A trunking system consists of pre - assembled flat bar conductors (including phase and neutral conductors) enclosed within a single metallic casing. This design offers a streamlined and organized approach to electrical power distribution.

In feeder trunking systems, power extraction from the busbar trunking is achieved through the use of tap - off units. These units are connected at specific, predefined locations along the busbar trunking. They enable the safe and controlled removal of power from the system, typically via appropriate protective devices such as circuit breakers or fuses. This setup ensures that electrical power can be distributed precisely to various loads as required.

Trunking systems present several significant advantages over traditional cable - based systems:

Cost - effectiveness and Ease of Installation: Trunking systems are more economical to implement and simpler to install, especially when dealing with high - current applications. In such scenarios, achieving the necessary current ratings with single - core cables often requires using multiple cables to meet voltage drop and voltage dip specifications. This not only increases the complexity and cost of cable installation but also raises the risk of overheating between cables, which can potentially lead to short circuits. In contrast, trunking systems provide a more efficient and reliable solution for high - current power distribution.
Mechanical Strength and Installation Efficiency: They exhibit superior mechanical strength over long distances with minimal need for fixings. This characteristic significantly reduces installation times, as fewer supports and fasteners are required compared to cable runs. The robustness of trunking systems also ensures greater durability and reliability during operation.
Space - saving and Simplified Design: Trunking systems eliminate the need for multiple cable runs along with their associated supporting metalwork, simplifying the overall electrical infrastructure.

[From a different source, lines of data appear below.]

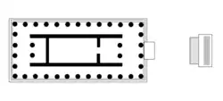The dimensions of the foundations and the architectural fragments indicate that the temple was a Doric hexastyle peripteral temple, i.e. it had a colonnade extending around the whole exterior, with six columns at the front and rear ends and thirteen columns along the north and south sides. The pronaos at the eastern end of the temple contained two columns between the antae and a door to the cella and was unusually deep (4.65 metres).[44] It was matched by a shallower, closed opisthodomos at the western end.[45][46] The whole structure stood atop a three-step crepidoma, which was 1.068 metres high.[45][46] At the bottom step of the crepidoma, the superstructure was 34.961 metres long by 16.125 metres wide; the building itself was 32.847 long by 14.052 metres wide.[46] The height of the temple from the bottom step to the cornice was about 9.7 metres.[46] The design is similar to the Temple of Hephaestus above the Agora on Agoraios Kolonos hill, but slightly larger.[47]
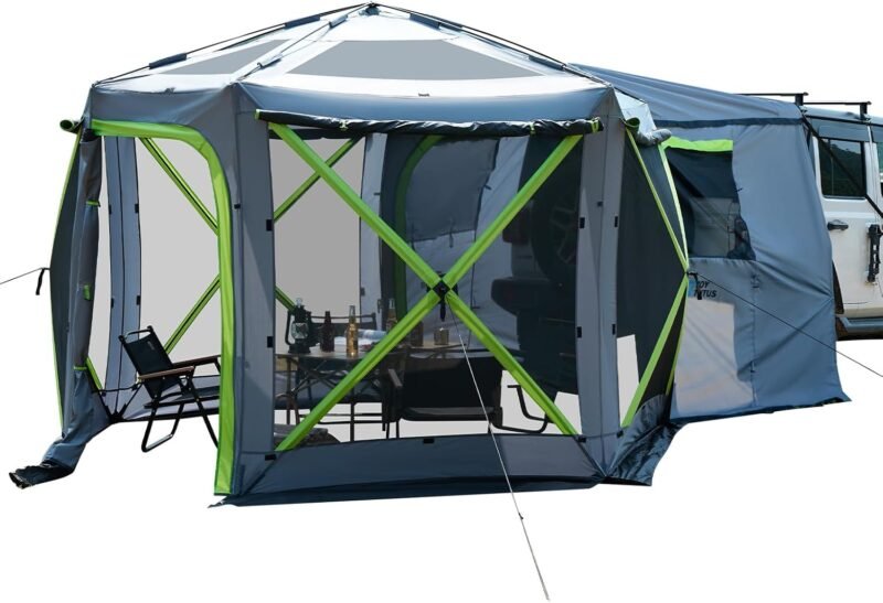 • Waterproof & Strong Stability: Our SUV camping tent made of 210D Oxford cloth plus waterproof rainfly. The car tent features 2 doorways with 2 sides door struts, 4 sides, and roof support poles. The pole is made of a 12 mm fiberglass, so that has strong support. With six adjustable wind ropes plus 2 extras, and 14 ground nails plus 2 additional, concealed beneath the gazebo skirt’s cover cloth, stability is enhanced throughout
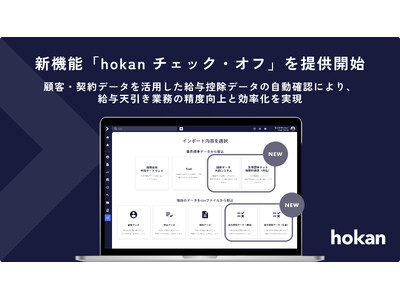 「適正な営業活動」と「組織の強固な監査体制」を実現するクラウド型保険代理店システム「hokan(R)︎」を提供する株式会社hokan(ホカン、本社:東京都中央区、代表取締役共同社長:小坂直之、横塚出、以下:当社)は、2025年3月より、団体向け保険の保険料を給与天引きする際の業務を効率化する新機能「hokan チェック・オフ」をリリースしました。本機能により、保険代理店における給与控除業務に伴うデータ処理を「hokan(R)︎」内で完結させることが可能となり、ミス防止と大幅なコスト削減、業務効率化・生産性向上を実現します。

This reduction in complexity not only saves space but also makes the system easier to manage and maintain.
Reduced Termination Requirements: They demand less termination space within switchboards. This is a crucial advantage, especially in switchboard designs where space is at a premium, allowing for more compact and efficient electrical panel layouts.

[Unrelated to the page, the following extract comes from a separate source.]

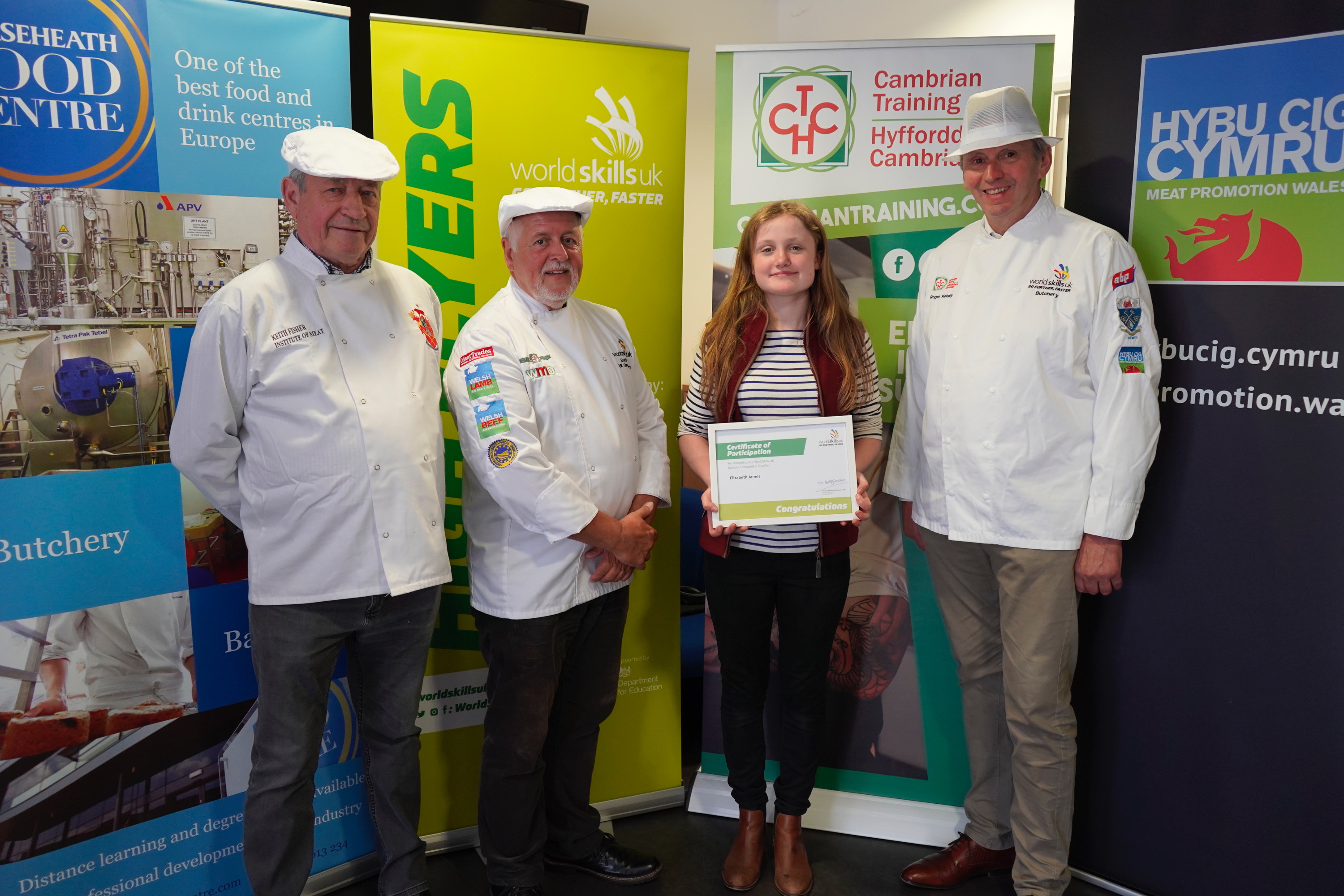 You are here: Home1 / 2 / Young butchers shine in WorldSkills UK qualifier3 / Elizabeth James certificate with judges
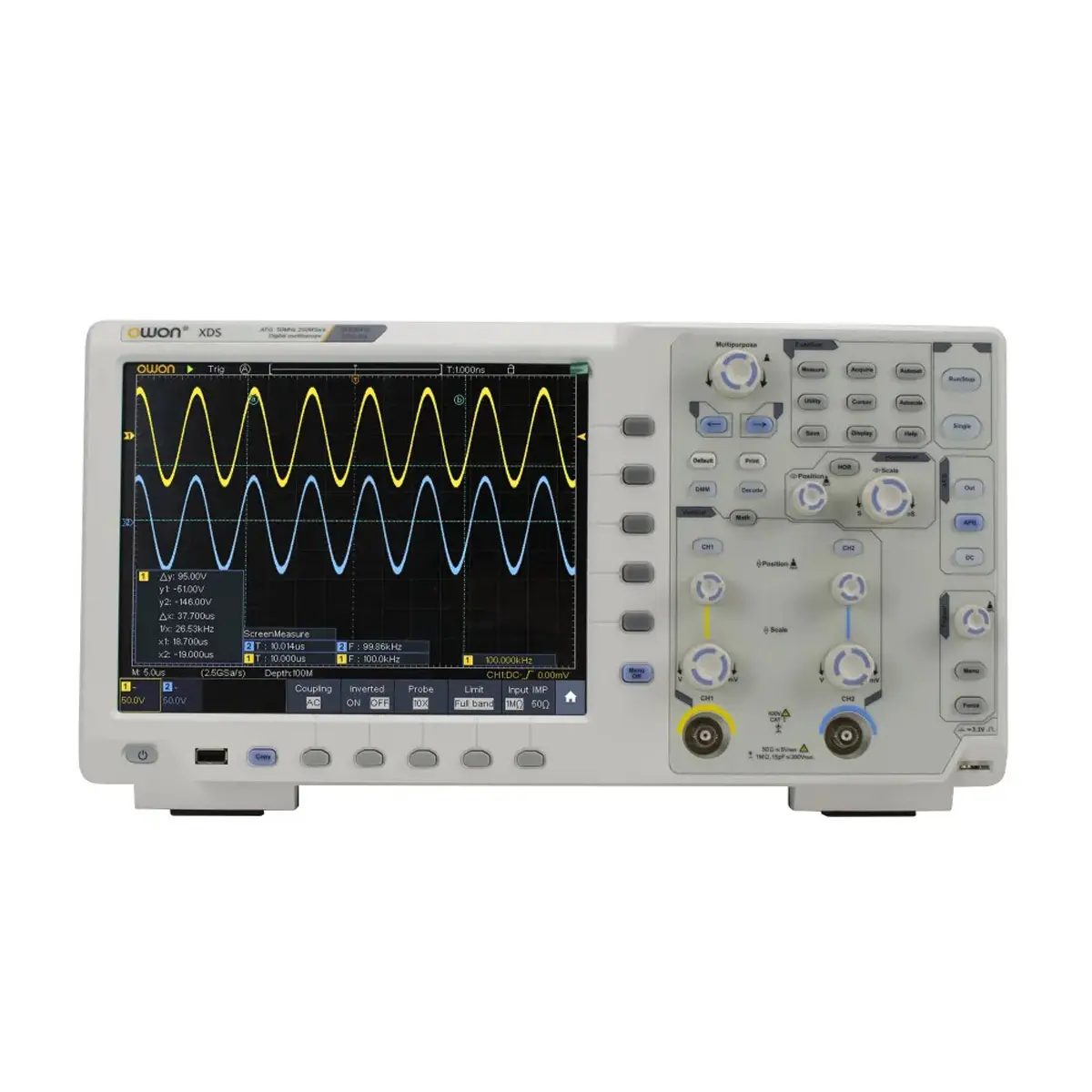 OWON XDS4352 также оснащен множеством математических функций, включая сложение, вычитание, умножение, деление и быстрое преобразование Фурье. Эти функции позволяют выполнять сложные вычисления и анализировать сигналы на более глубоком уровне, что особенно полезно при исследовании нестандартных сигналов или при необходимости проводить спектральный анализ.

Eliminating the Need for Cable Jointers: Since trunking systems are pre - assembled and do not require on - site cable splicing, the need for specialized cable jointers is eliminated. This not only reduces labor costs but also minimizes the potential for errors associated with cable joining, enhancing the overall quality and reliability of the electrical installation.
Flexibility in Power Distribution: Multiple tap - off outlets provide flexibility to adapt to changes in power requirements after the initial installation, subject to the rating of the busbar trunking. This feature allows for easy reconfiguration of the electrical system to accommodate new loads or changes in load demands, making trunking systems highly adaptable to evolving electrical needs.
Ease of Repositioning and Extension: Repositioning distribution outlets is a straightforward process with trunking systems. Moreover, the system can be easily extended as the electrical requirements of a facility grow, offering a scalable solution for power distribution.
Aesthetic Appeal: In areas where the electrical system is visible, trunking systems offer an aesthetically pleasing appearance compared to bundles of cables. Their sleek and uniform design can enhance the visual appeal of a building's interior, making them a preferred choice in commercial and public spaces.
Reusability: Busbar trunking systems can be dismantled and reused in other areas, providing a cost - effective solution for facilities undergoing renovation or expansion. This reusability factor not only reduces waste but also offers significant savings in terms of material and installation costs.
Enhanced Fire Resistance: They provide better resistance to the spread of fire compared to traditional cable systems. The metallic enclosure of the trunking helps to contain fire and prevent it from spreading through the electrical system, contributing to improved fire safety in buildings.